### Prompt
Copy, word for word, the lines below from the one containing "PVT法生長碳化硅存在以下技" up to and including the one containing "The enameled top", with pictures left out.

### Dataset entries
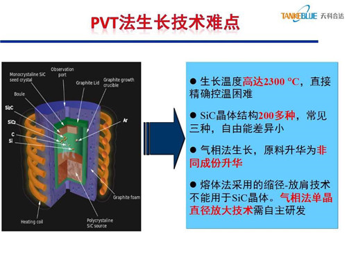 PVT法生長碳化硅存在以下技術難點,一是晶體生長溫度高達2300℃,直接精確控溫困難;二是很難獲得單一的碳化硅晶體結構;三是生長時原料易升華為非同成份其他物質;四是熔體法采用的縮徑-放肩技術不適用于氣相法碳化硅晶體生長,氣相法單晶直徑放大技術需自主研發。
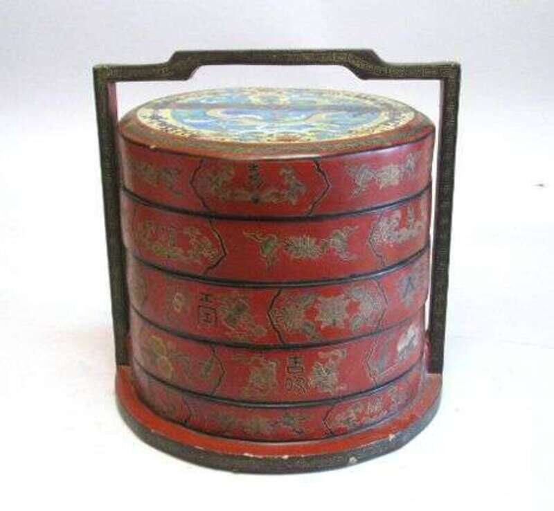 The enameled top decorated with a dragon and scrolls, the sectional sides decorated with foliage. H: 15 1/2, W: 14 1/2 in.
---
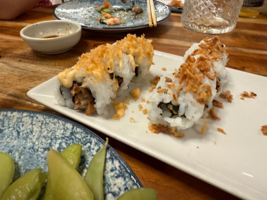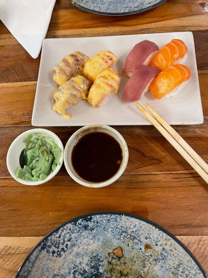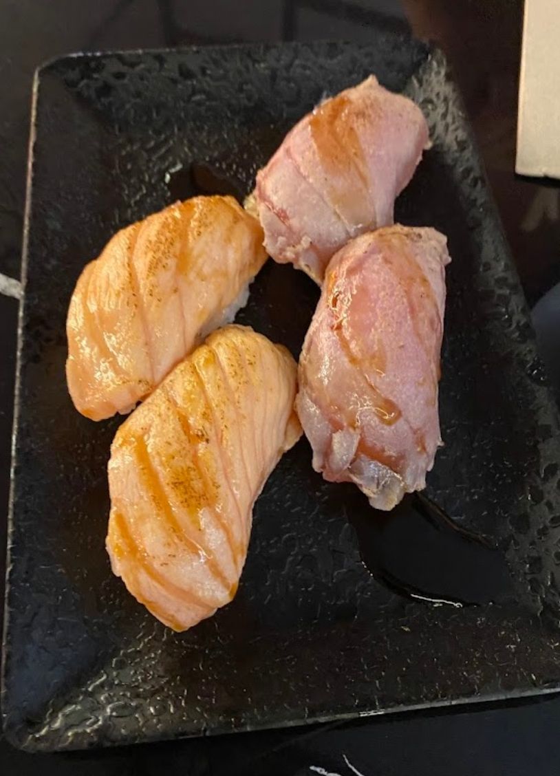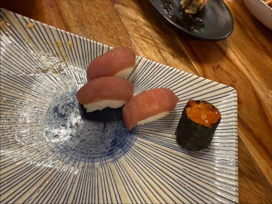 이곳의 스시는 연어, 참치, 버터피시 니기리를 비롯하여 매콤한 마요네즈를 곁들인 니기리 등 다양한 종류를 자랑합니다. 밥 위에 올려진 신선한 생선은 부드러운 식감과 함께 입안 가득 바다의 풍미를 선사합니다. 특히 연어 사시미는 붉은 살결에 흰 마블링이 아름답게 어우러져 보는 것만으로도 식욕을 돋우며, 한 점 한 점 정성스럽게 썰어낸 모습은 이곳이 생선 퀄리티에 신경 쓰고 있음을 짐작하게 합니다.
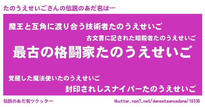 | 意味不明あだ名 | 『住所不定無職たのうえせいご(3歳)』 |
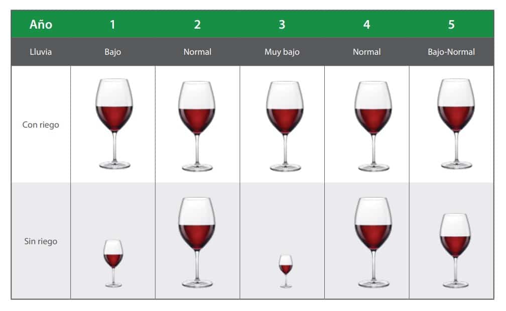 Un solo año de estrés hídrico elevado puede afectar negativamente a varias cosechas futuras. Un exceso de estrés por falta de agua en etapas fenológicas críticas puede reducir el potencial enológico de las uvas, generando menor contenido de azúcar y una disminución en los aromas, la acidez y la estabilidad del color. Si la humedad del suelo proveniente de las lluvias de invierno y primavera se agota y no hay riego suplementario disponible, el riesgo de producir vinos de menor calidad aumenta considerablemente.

### Solution to the problem
 PVT法生長碳化硅存在以下技術難點,一是晶體生長溫度高達2300℃,直接精確控溫困難;二是很難獲得單一的碳化硅晶體結構;三是生長時原料易升華為非同成份其他物質;四是熔體法采用的縮徑-放肩技術不適用于氣相法碳化硅晶體生長,氣相法單晶直徑放大技術需自主研發。
 The enameled top decorated with a dragon and scrolls, the sectional sides decorated with foliage. H: 15 1/2, W: 14 1/2 in.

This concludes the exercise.